Ana Bejinez-Eastman, MD (Moderator) [Dr. Bejinez-Eastman is a Senior Fellow of the National Conferences on Primary Health Care Access]. Our next speaker is Dr. John Geyman; whom we’ve been anxiously awaiting, and Dr. Chuck North who will react, as usual.
John Geyman, MD, the University of Washington Emeritus [Dr. Geyman is a Senior Fellow of the National Conferences]: Thank you it’s great to be here. This is always a special meeting. And as Kevin Haughton indicated at the session’s start, change is all around us.
Where is primary care going? Where is the health care system going?
Change includes all of our personal lives. My wife Gene died a year and a half ago. I worked through that.
Emily Reed, who is here in the audience, will be my new wife, starting next month. We’ve navigated that. We have a new chapter. And we need a new chapter in healthcare.
I tend to focus on the basics. I tend to ask pretty basic questions. Then I tend to track them. I’ve been out of practice now since, golly, 1997 on San Juan Island in Washington’s Puget Sound. What I do mostly is ask the basic questions and track where we’re going.
In this talk, which I first gave at the University of Missouri Columbia several weeks ago, for Dr. Jack Colwill’s department, I asked the basic question of the Affordable Care Act [ACA], is it going to lead us somewhere we really want to go, or not? Well, we’ll get started!
These are the big four problems that health care reform has to address – uncontrolled healthcare costs, unaffordability, restricted access, and variable quality of care. Everyone here knows them.
As David Sundwall already has indicated – and I agree with him – there’s no real cost control in the ACA [“What Has Changed?”: Health Reform in the U. S. A. – David N. Sundwall, MD]. In Massachusetts, the state in which ACA was modeled, health care costs are a big problem.
ACA has a few good points. It will extend insurance. We bicker about just how many people coverage will be extended to, but maybe 32 million more by 2019. That’s a long way from now. We’ll subsidize all that.
Parents will be able to keep their kids on their insurance until 26 – that’s good!
There is an expansion of Medicaid for 16 million people, but what a battleground that is. We will see underfunded Medicaid all over the country, with all kinds of variations by state as to what coverage is.
Yes, there is some new funding for community health centers and for a few – just a few – preventative services without any cost-sharing imposed. There are some very limited reforms in the health insurance industry. Then there is PCORI, the Patient-Centered Outcomes Research Institute, which hasn’t really gotten started yet. But these things are there on paper.
But I think we have to say, now that we are three years after the bill passed, that corporate stakeholders hijacked the whole political process to protect their markets.
That market failure wasn’t recognized as the wellspring of system problems. The essential problem is the health insurance industry is failing. It lacks enough value to justify its bailout by the federal government
We had a middle-of-the-road approach by Democrats and the Obama Administration. There has been a total unwillingness by political leaders, including in our own medical organizations, to admit that the incrementalism of the past 30 or 40 years hasn’t worked. There was flawed framing from the start of the healthcare debate. I agree with David Sundwall that the rhetoric on both sides is just absurd.

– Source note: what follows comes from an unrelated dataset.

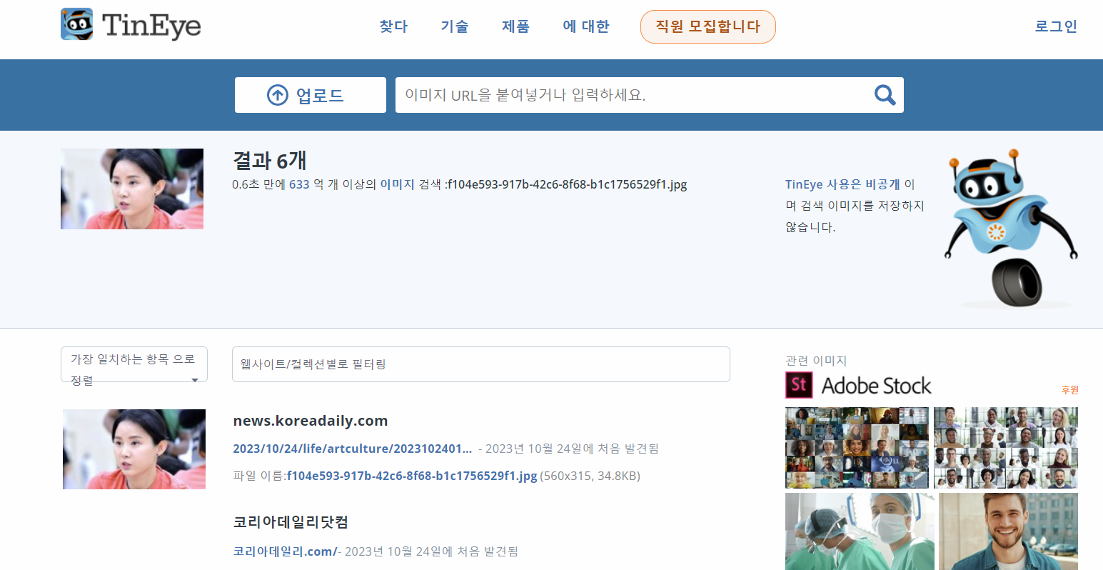 티니아이 사이트는 홈페이지에서 설명하는 것처럼 이미지인식 및 역 이미지 검색을 통해 정확한 이미지 인식결과를 제공하도록 설계되었는데요. 라벨을 매칭하거나 이미지를 추적하거나 이미지를 검증하고 모바일 이미지를 검색하는 등 이미지 검색에 특화되어 있는 엔진이라고 생각이 됩니다.
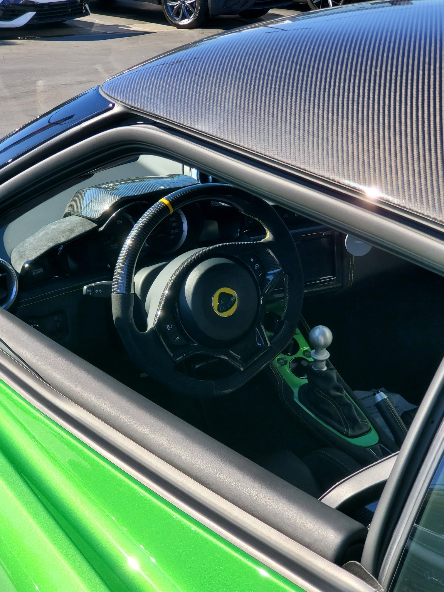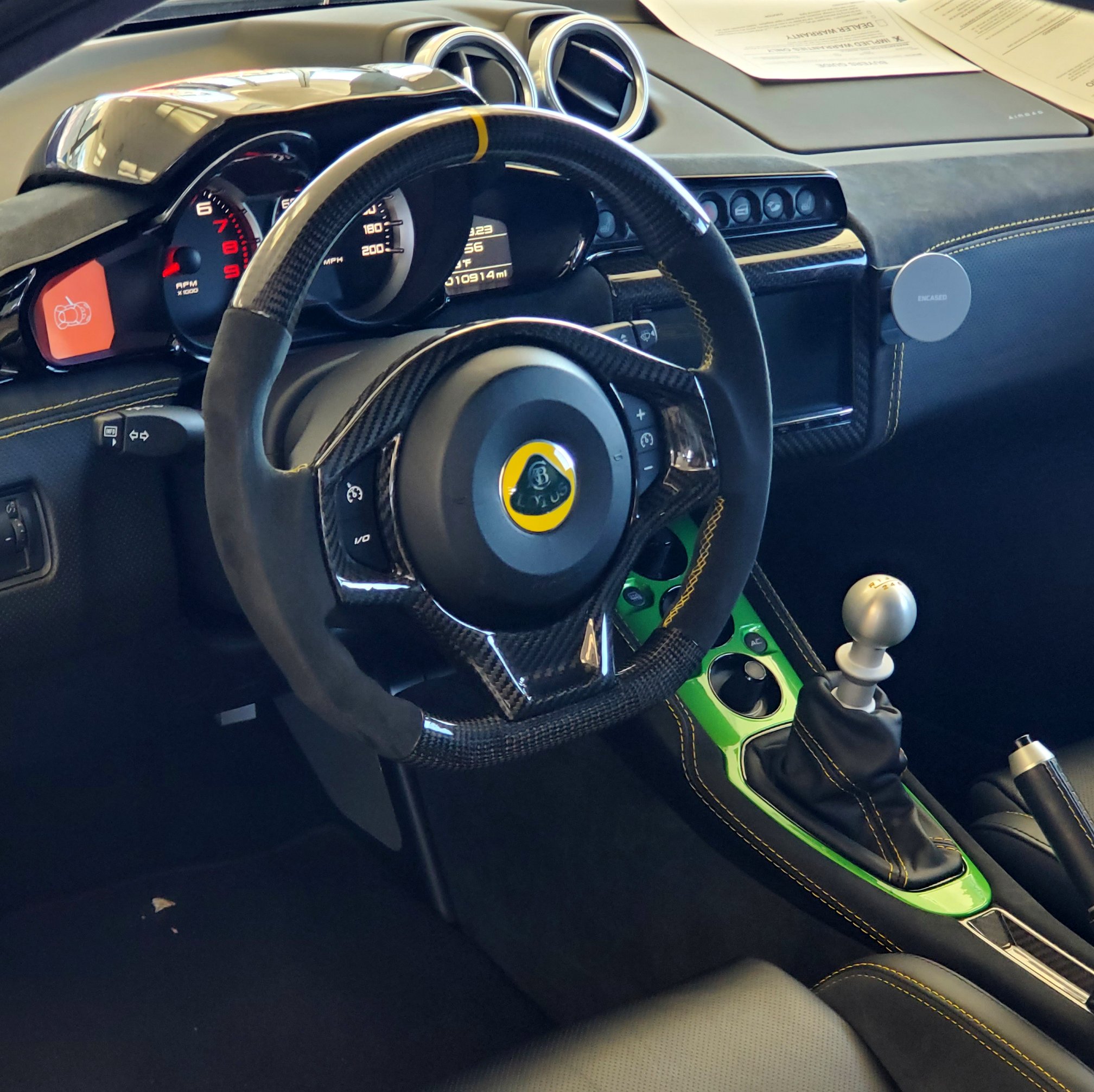 A salesman invites me to take the Evora GT’s driver’s seat. As I do, my attention is captured by the carbon fiber adornments on the steering wheel, gauge hood and seats. The bling continues with yellow-over-black upholstery stitching and a body-colored shifter surround. Someone hit the options list hard when they ordered this Evora GT!

Here’s why I think the bill won’t work; I really like Herb Stein’s Law “If something cannot go on forever, it’s going to stop.”
The health costs are what are bankrupting us. “Incrementalism” hasn’t contained costs in the past at all. Why do we expect it to do so this time?
Private insurers are on a death march without subsidies. ACA will bail them out for a little while.
Employer-sponsored insurance continues to decline. It now accounts for less than 60% of those insured and is trending downwards towards 50% Many employers are looking at self-insuring, which exempts them from the provisions of the ACA, but they’ll cover less and less. They’ll cut out retirees, of course. Meanwhile, the health care “safety net” gets a little more tattered all the time.
Let’s consider the basic “20-80 rule”. Twenty percent of the population accounts for 80% of healthcare spending.
The healthier half of the population spends just three percent of total spending, and the sickest five percent account for nearly half of all spending.
Of course, the insurance industry has all kinds of games, and will continue to, including through the “accountable care organizations”. They will try to enroll the healthiest parts of the population and offload sicker patients to the public sector.
Here’s why the ACA makes no sense to me. There are no cost or price controls.
The supposed reason for mandatory insurance is to subsidize the high users of health care services with the revenues received from persons.
However, the 20-80 rule will make it impossible to cover the costs of providing care to the highest cost 20% of the population without outsized shifts in costs to the healthy or big increases in government subsidies to the plans, or both.
As these higher costs materialize, driving insurance premiums higher, there will be Increased numbers of underinsured and uninsured.
There are studies that have demonstrated that compared with traditional Medicare, which simply reimburses providers for covered services, the “for-profit” insurance plans have less efficiency and less quality. They also increase waste and bureaucracy, both within the insurance companies and the government agencies that oversee them.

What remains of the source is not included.